足元の株価は、中東情勢の懸念後退とMCC関連の資金流入で切り上がり、高値更新も見られ始めています。日足5MAに沿った動きですので、浅い押し目買いは5MA付近もしくはブレイクラインを目安に。目安までなるべく引きつけて買いつつ、損切りは目安を明確に割ってきた・・・という流れですね。仮に深い押し目を狙うなら25MAを目安に行うと良さそうです。
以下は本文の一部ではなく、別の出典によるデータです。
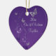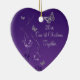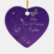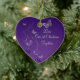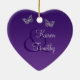 Recuerde su día especial con este primer ornamento de cerámica en forma de corazón floral púrpura hermoso del recuerdo del navidad junto con las mariposas y las flores del gris de plata en él. Usted puede modificar el texto para requisitos particulares para decir lo que usted quiere. El **** esté POR FAVOR seguro que su texto está puesto donde usted lo quiere, pues imprimirá como aparece en su monitor. Zazzle no corregirá cualquier cosa. También hace juego la invitación del boda mostrada abajo. Si usted necesita alguna ayuda, envíe por correo electrónico por favor niteowlstudio@gmail.com.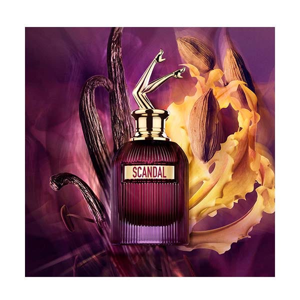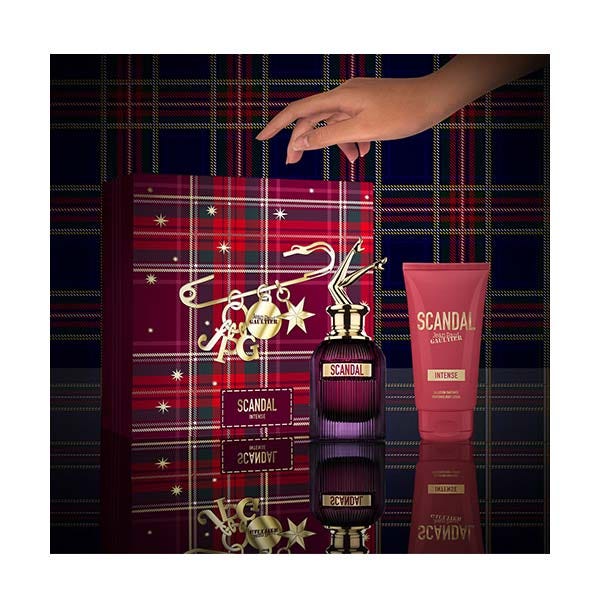 Salida inmediata del Scandal Express, el nuevo tren exclusivo de Jean Paul Gaultier. Al caer la noche, Scandal Intense difunde una fragante adicción al placer sin límites y a las veladas eternas. ¡Hola a la decadencia! ¡Adiós al decoro! El viaje promete ser mucho más emocionante que el destino. La más deseable e indisciplinada de las pasajeras luce las despampanantes piernas de un frasco violeta con rayas sensuales bajo su terciopelo rosa. Con su estela floral de vainilla, cada vagón olvida su destino. ¿Hasta dónde nos llevará? Respuesta en destino...

月足では2,150~2,250円ほどに高値を持っており、ここを抜けたい流れです。出来高は2012年頃が最大で、ここに全く及んでいません。ですので、もっと出来高が膨らんでくれると期待値も上がるかなという印象でした。目先はとりあえず、2,250円を目指して頑張る流れでしょう。

買い残は75万株ほど溜まっていますが、日々の出来高が100万~300万株まで膨らんでいるので重たすぎる印象ではないです。

リスク

  • ナフサ(原油)価格の再高騰:フィルムの主原料は原油から作られる「ナフサ」です。中東リスクが再燃して原油価格が跳ね上がると、ダイレクトに利益を圧迫します。
  • フィルム事業以外のセグメント:フィルム事業の押し上げで利益回復が見られているが、その他の事業が足を引っ張り利益を削る可能性もあります。
  • 車載向けの反動減:米国などの関税政策を警戒した「前倒し需要」が一部で発生していた場合、今期その反動減が出るリスクが注視されています。
  • MLCC関連セクターの動向:今回の選定はあくまでMLCC関連への資金流入が背景です。したがって、同セクター全体の動向は常に見ておく必要があります。仮にセクターから資金抜けが起きた場合は逃げる方が無難です。